:: DATA EXTRACT ::
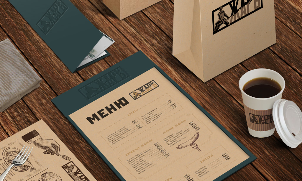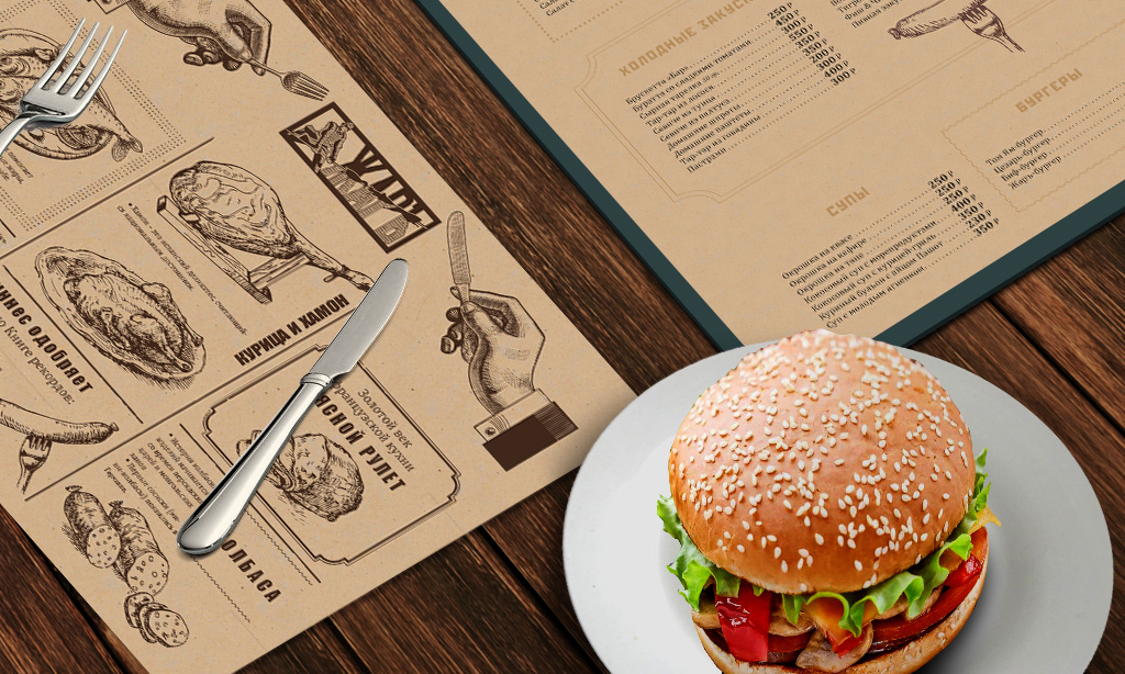 В процессе работы над этим проектом мы проанализировали в буквальном смысле море разнообразных информационных источников и референсов для создания десятков различных оригинальных вариантов дизайна. Не будем пересчитывать все предложенные нами и отвергнутые клиентом версии, скажем только, что, в конечном счете, нам удалось остановиться на старой доброй «крафт» стилистике для серии ресторанных POSM-материалов.
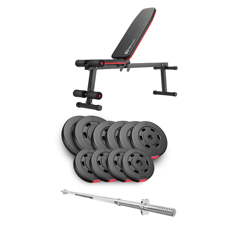 Набор Premium 59кг со штангой и скамьей HS-1010 Pro - идеально подобранный комплект с функциональной лавкой и наилучшим сочетанием количества и веса дисков, чтобы организовать дома полноценный спортзал для силовых тренировок.
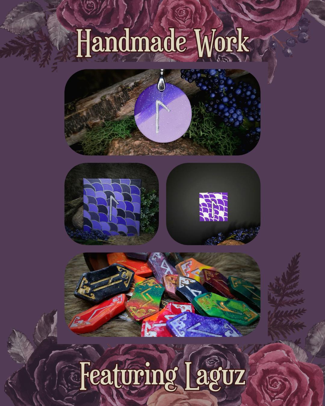 Use the Laguz Norse Rune Pendant as a necklace, keychain, or other charm to carry the energies of Laguz with you. You may also hang it in your altar space

:: EXERCISE AIM ::
Could every line above be set down exactly, with the pictures omitted?

:: YOUR RESPONSE ::
 В процессе работы над этим проектом мы проанализировали в буквальном смысле море разнообразных информационных источников и референсов для создания десятков различных оригинальных вариантов дизайна. Не будем пересчитывать все предложенные нами и отвергнутые клиентом версии, скажем только, что, в конечном счете, нам удалось остановиться на старой доброй «крафт» стилистике для серии ресторанных POSM-материалов.
 Набор Premium 59кг со штангой и скамьей HS-1010 Pro - идеально подобранный комплект с функциональной лавкой и наилучшим сочетанием количества и веса дисков, чтобы организовать дома полноценный спортзал для силовых тренировок.
 Use the Laguz Norse Rune Pendant as a necklace, keychain, or other charm to carry the energies of Laguz with you. You may also hang it in your altar space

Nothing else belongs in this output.